[ASSIGNED TASK]: Set down, exactly as they stand, the lines from the one containing "ইলিয়াছ সুমন, সন্দ্বীপ(চট্টগ্রাম)" through the last line of the records below, leaving every picture out.

[Excerpts from a dataset]
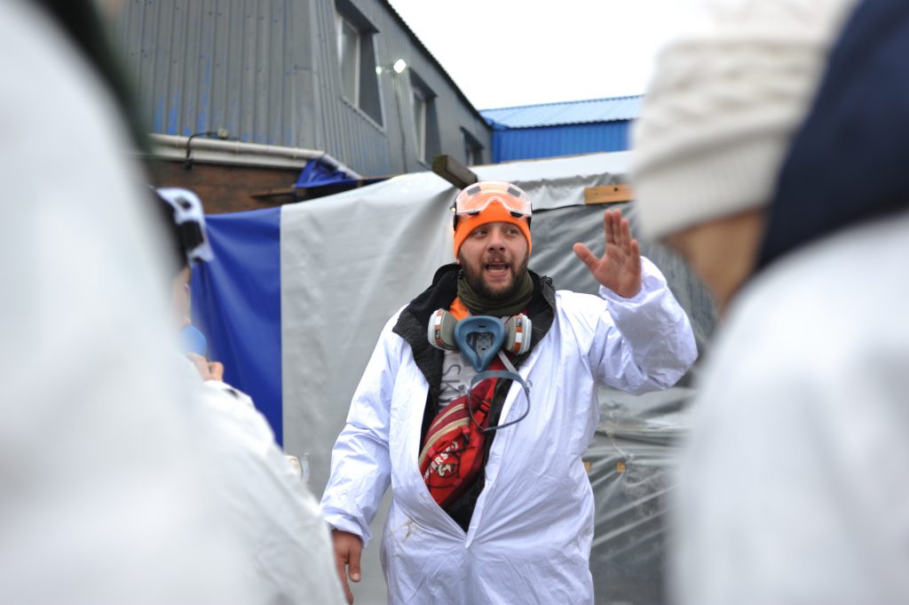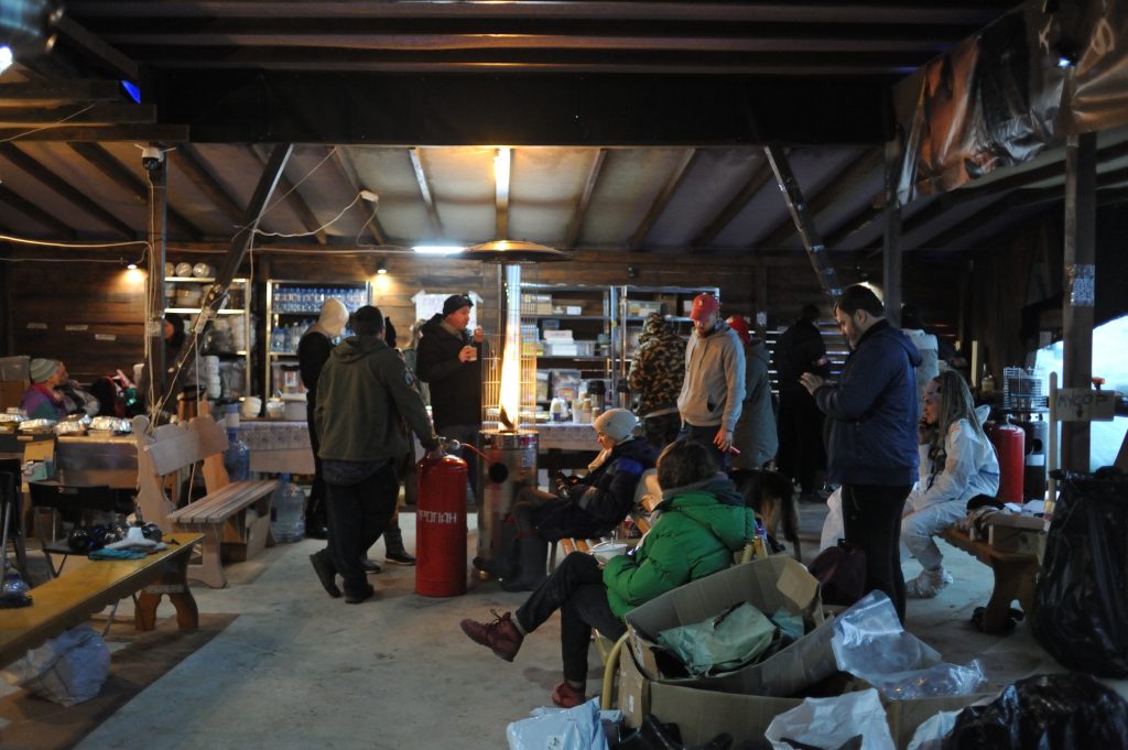 В помещении летнего кафе, наспех укрытого пленкой от ветра и дождя, собираются экоактивисты. Многие приехали в штаб впервые. Организаторы волонтерской базы «Шлагбаум» всех прибывших встречают радушно: гостям предлагают горячие напитки и сладости. Затем все добровольцы проходят необходимый инструктаж. Его, как правило, проводят более опытные товарищи.
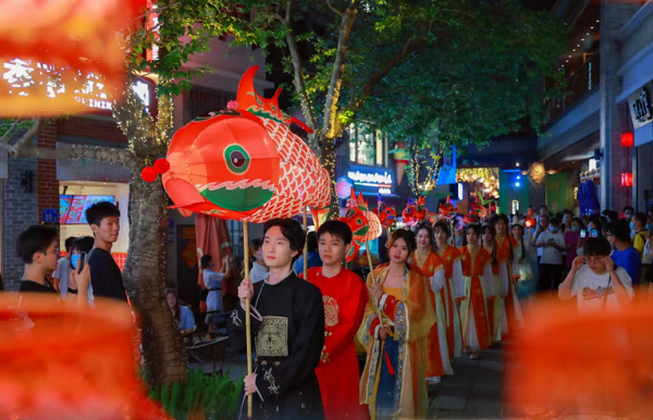 非遗踏歌行巡游全面升级!游客可现场参与互动,更有机会与巡游NPC共舞,以行进式舞蹈贯穿全程,展现衡山民俗风情。
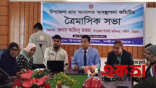 ইলিয়াছ সুমন, সন্দ্বীপ(চট্টগ্রাম) প্রতিনিধিঃ চট্টগ্রামের সন্দ্বীপে জনসাধারণের বিচারিক সেবা আরও সহজ, দ্রুত ও কার্যকর করার লক্ষ্যে গ্রাম আদালত ব্যবস্থাপনা কমিটির ত্রৈমাসিক সভা অনুষ্ঠিত হয়েছে। বৃহস্পতিবার (১ জানুয়ারি) দুপুরে উপজেলা পরিষদের
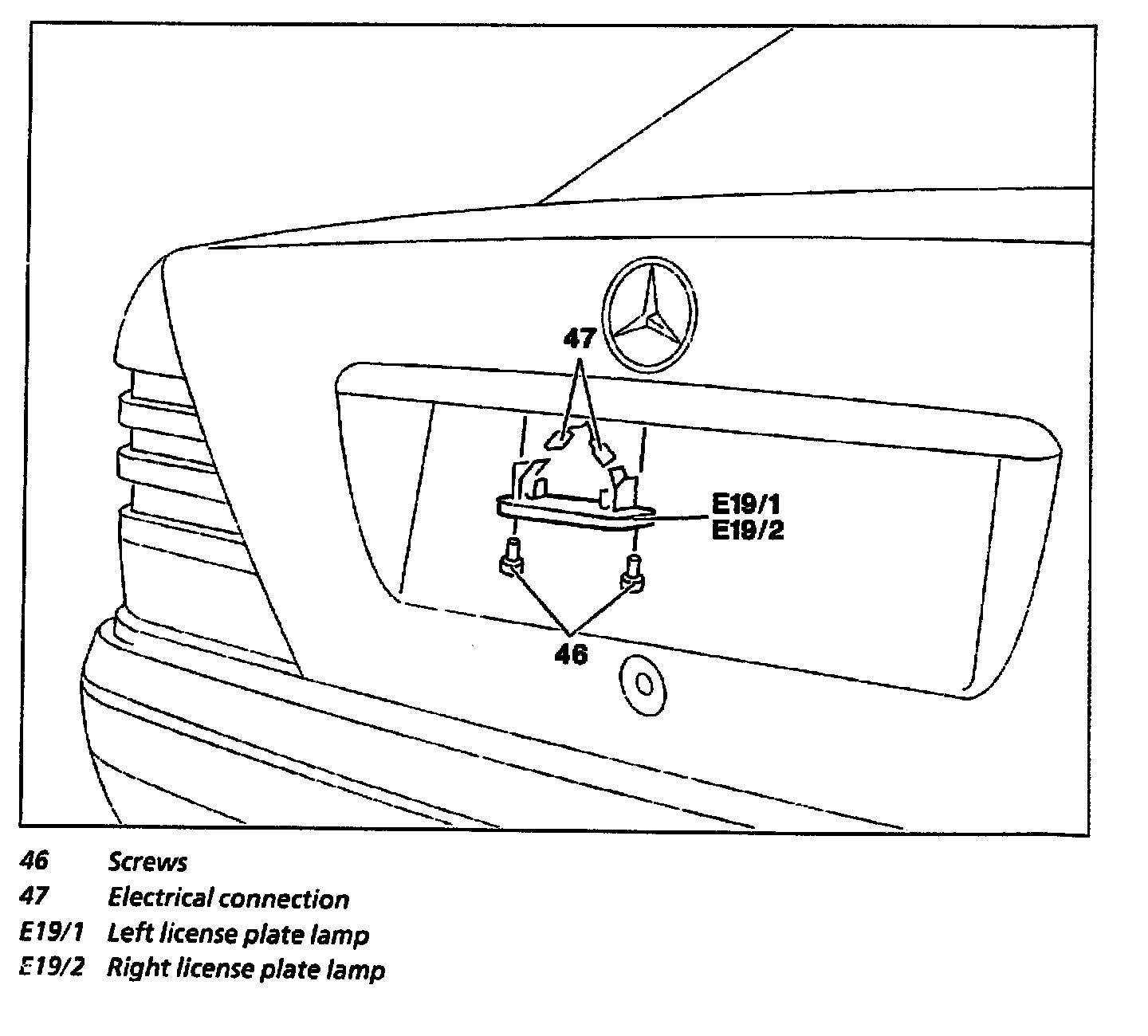 NOTE: The image shows removal of the license plate lamp on model 202 sedan. Removal on the T-model 202 and model 210 and on roadster model 129 is identical.
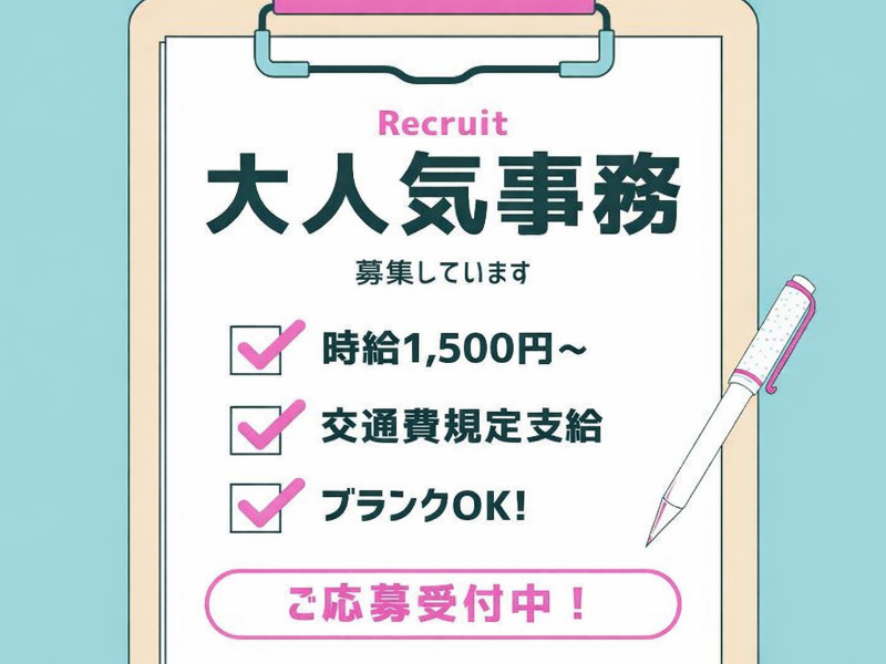 【アピールメッセージ】 未経験からスタートできる事務職で、新たな一歩を踏み出しませんか。 安定した物流業界で、データ入力や事務サポートをお任せします。年間休日120日以上、土日休みでプライベートも充実。ブランクがある方や学歴不問の方も大歓迎です。職場見学も可能なので、実際の雰囲気を見てから安心してご応募いただけます。 あなたの新しいキャリアがここから始まります!私たちは未経験者を歓迎する事務職を募集しています。年間休日はなんと120日以上!プライベートを大切にしながら、充実した毎日を送りませんか? 【年間休日120日以上】 仕事とプライベートの両立が可能で、心に余裕を持った生活ができる環境です。しっかりと休息をとりながら、自分のペースで働けます。 【土日休み】 土日がお休みなので、家族や友人との時間も大切にできます。趣味や学びの時間を大切にしたい方には最適な職場です。 【車通勤可能】 通勤に便利な車通勤が可能で、駐車場も完備。自分のライフスタイルに合わせた通勤ができます。バイク通勤もOKなので、通いやすさを重視する方にもぴったりです。 私たちは、学歴不問でブランクのある方や未経験の方も大歓迎。多様なバックグラウンドを持つ仲間が集まり、互いに助け合いながら成長できる環境が整っています。 髪型や髪色、ネイル、ピアスも自由なので、自分らしさを大切にしながら働けます。週払いも可能で、急な出費にも対応しやすいのも魅力の一つです。 職場見学も可能なので、実際の雰囲気を感じてから応募することができます。まずはお気軽にお問い合わせください。 私たちと一緒に新しい挑戦を始めましょう!あなたのご応募をお待ちしております。

[EXERCISE SOLUTION]:
 ইলিয়াছ সুমন, সন্দ্বীপ(চট্টগ্রাম) প্রতিনিধিঃ চট্টগ্রামের সন্দ্বীপে জনসাধারণের বিচারিক সেবা আরও সহজ, দ্রুত ও কার্যকর করার লক্ষ্যে গ্রাম আদালত ব্যবস্থাপনা কমিটির ত্রৈমাসিক সভা অনুষ্ঠিত হয়েছে। বৃহস্পতিবার (১ জানুয়ারি) দুপুরে উপজেলা পরিষদের
 NOTE: The image shows removal of the license plate lamp on model 202 sedan. Removal on the T-model 202 and model 210 and on roadster model 129 is identical.
 【アピールメッセージ】 未経験からスタートできる事務職で、新たな一歩を踏み出しませんか。 安定した物流業界で、データ入力や事務サポートをお任せします。年間休日120日以上、土日休みでプライベートも充実。ブランクがある方や学歴不問の方も大歓迎です。職場見学も可能なので、実際の雰囲気を見てから安心してご応募いただけます。 あなたの新しいキャリアがここから始まります!私たちは未経験者を歓迎する事務職を募集しています。年間休日はなんと120日以上!プライベートを大切にしながら、充実した毎日を送りませんか? 【年間休日120日以上】 仕事とプライベートの両立が可能で、心に余裕を持った生活ができる環境です。しっかりと休息をとりながら、自分のペースで働けます。 【土日休み】 土日がお休みなので、家族や友人との時間も大切にできます。趣味や学びの時間を大切にしたい方には最適な職場です。 【車通勤可能】 通勤に便利な車通勤が可能で、駐車場も完備。自分のライフスタイルに合わせた通勤ができます。バイク通勤もOKなので、通いやすさを重視する方にもぴったりです。 私たちは、学歴不問でブランクのある方や未経験の方も大歓迎。多様なバックグラウンドを持つ仲間が集まり、互いに助け合いながら成長できる環境が整っています。 髪型や髪色、ネイル、ピアスも自由なので、自分らしさを大切にしながら働けます。週払いも可能で、急な出費にも対応しやすいのも魅力の一つです。 職場見学も可能なので、実際の雰囲気を感じてから応募することができます。まずはお気軽にお問い合わせください。 私たちと一緒に新しい挑戦を始めましょう!あなたのご応募をお待ちしております。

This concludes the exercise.